The effect of all this is to challenge the viewer, especially the Western viewer. Calligraphy is both artistically and literally an unfamiliar language in the Western world. With its strong literary element, it often intimidates the non-Chinese, who may feel an initial awkwardness: they ‘see’ a calligraphic story but do not understand it. But all viewers of his work need to recall the words of Alfred H. Barr, the first Director of MoMA, New York, commenting on the Abstract Expressionists in April 1958: “these painters…do nothing deliberately in their work to make ‘communication’ easy. Yet in spite of their intransigence, their following increases, largely because the paintings themselves have a sensuous, emotional, aesthetic and at times an almost overwhelming mystical power which works and can be overwhelming”. We need to work a little for our rewards.

So the plus side of the difficulty of work which is traditional in outer form but revolutionary in inner spirit, is the pleasure of art that does not shout at you, the novelty of ideas that are precisely not Pop-novel or Shock-novel. (No tired Marilyns; no bisected calves to jolt us into paying attention). We luxuriate in a symbiotic not confrontational relationship between the viewer and the artist – and with the culture of the past… We gain the opportunity to reflect, instead of being spoonfed images so famous that we‘re deprived of the chance to consider reactions which are truly our own.

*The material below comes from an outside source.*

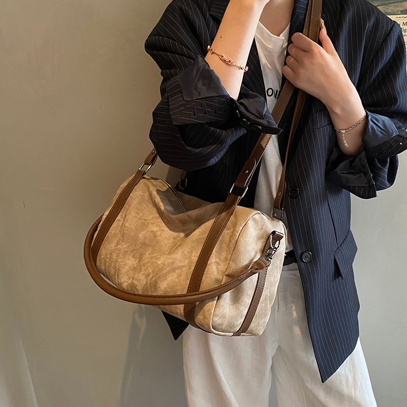 Sac Boston rétro en daim mat pour femme, nouvelle collection automne/hiver 2025, grande capacité, sac fourre-tout, sac à bandoulière simple

This is how Fung Ming Chip uses tradition, as Joyce used it, with the joy of artistic subversion. He tells us that something new is happening, historically unique, unavoidable and un-reproduceable: for China will only ‘modernise’ once. As with Western art at previous major junctures, this transition has a ‘never again’ quality. Never again will there be artists so clearly on the cusp of history, reflecting their country’s move from introverted traditionalism to engagement with the world – but for once doing so on terms dictated by China’s own cultural history. With Fung we experience this change at the heart of Chinese culture, expressed by somebody who understands it from the inside, and respects it.

That alone is enough to make Fung Ming Chip a major artist. The sincerity, energy, innovation, and sheer depth of his work make him even more special, whether it is our eyes, our minds, or our hearts that appreciate him.